* Given records:
= = = = = = =

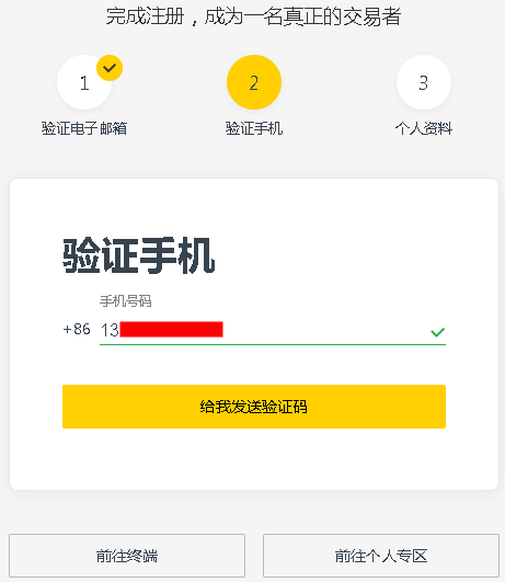 2、注册成功,点击成为一名真正的交易者,去完善资料。
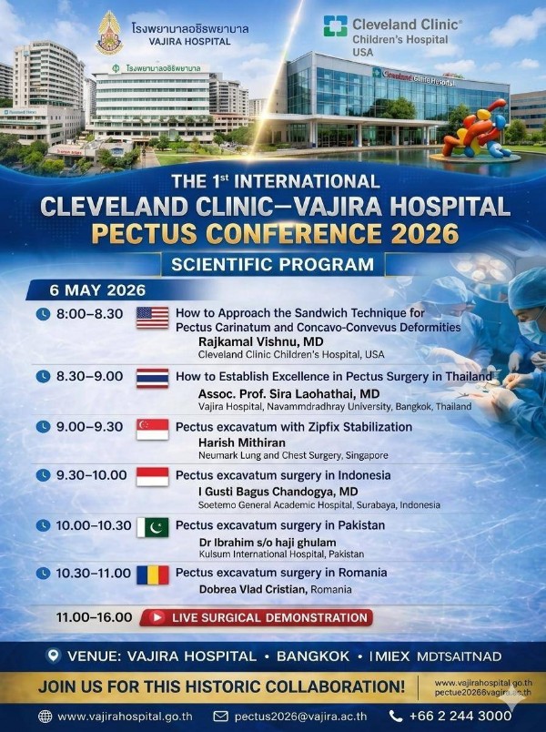 โรงพยาบาลวชิรพยาบาลเตรียมจัดงานประชุมนานาชาติด้านโรคอกบุ๋มครั้งแรกของประเทศไทย “Pectus Conference 2026” ในวันที่ 6 พฤษภาคมนี้ ร่วมกับ Cleveland Clinic Children’s Hospital ประเทศสหรัฐอเมริกา สะท้อนให้เห็นถึงความสำคัญของโรคอกบุ๋ม(Pectus Excavatum) ที่กำลังได้รับความสนใจมากขึ้นในวงการแพทย์ระดับโลก
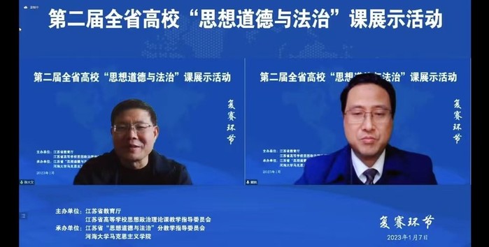 2023/01/11马克思主义学院思政教研部举行教学展示观摩暨集体备课交流研讨活动1月7日上午,由省教育厅主办的第二届全省高校“思想道德与法治”课展示活动(复赛)在河海大学举办,本次 -
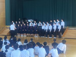 - 深川小へ歌声を届ける。11月初旬から中旬にかけて、深川小学校へ中学生の歌声を届けに行きました。10月の文化祭で開催した合唱コンクールの各学年金賞受賞学級が、昼休み時間に深川小体育館に出向き、合唱を披露していきました。写真は1年生の合唱風景です […]
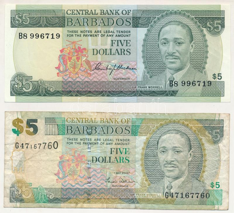 Barbados DN(1975) 5$ + 2007. 5$ T:F az egyik szép papír
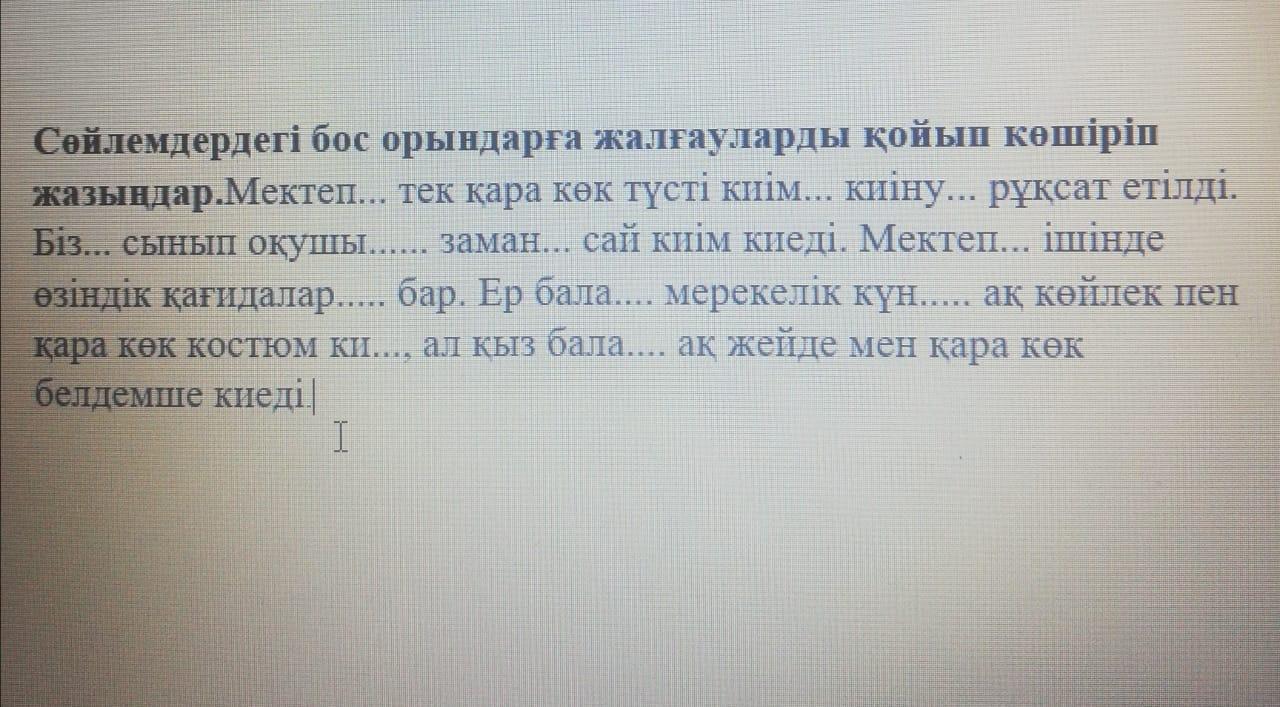 Мектепте тек қана қара көк түсті киімдерді киінуге рұқсат етілді. Біздің сынып оқушылары заманға сай киім киеді. Мектептің ішінде өзіндік қағидалары бар. Ер балалар мерекелік күндерде ақ көйлекпен қара костюм киеді, ал қыз балалар ақ жейде мен көк белдемше киеді.
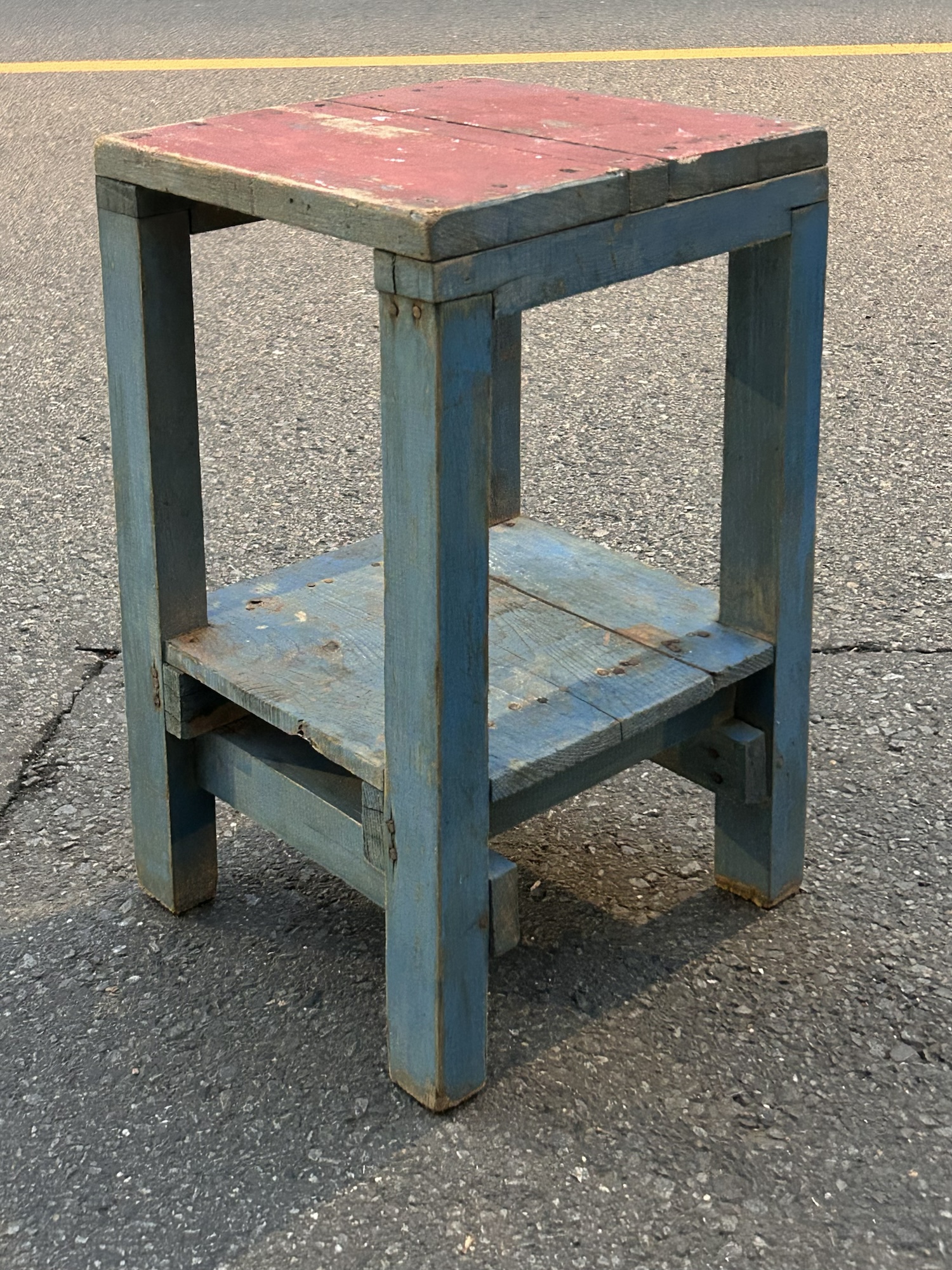 木曜日20時迄。金曜日は一回休みます。赤×青の古い積み木みたいな角スツールです。

= = = = = = =

* Work request:
Please retype, exactly as they appear, the lines from the one with "Barbados DN(1975) 5$" through the final line of the material, both included, and drop any pictures.

* Exercise result:
 Barbados DN(1975) 5$ + 2007. 5$ T:F az egyik szép papír
 Мектепте тек қана қара көк түсті киімдерді киінуге рұқсат етілді. Біздің сынып оқушылары заманға сай киім киеді. Мектептің ішінде өзіндік қағидалары бар. Ер балалар мерекелік күндерде ақ көйлекпен қара костюм киеді, ал қыз балалар ақ жейде мен көк белдемше киеді.
 木曜日20時迄。金曜日は一回休みます。赤×青の古い積み木みたいな角スツールです。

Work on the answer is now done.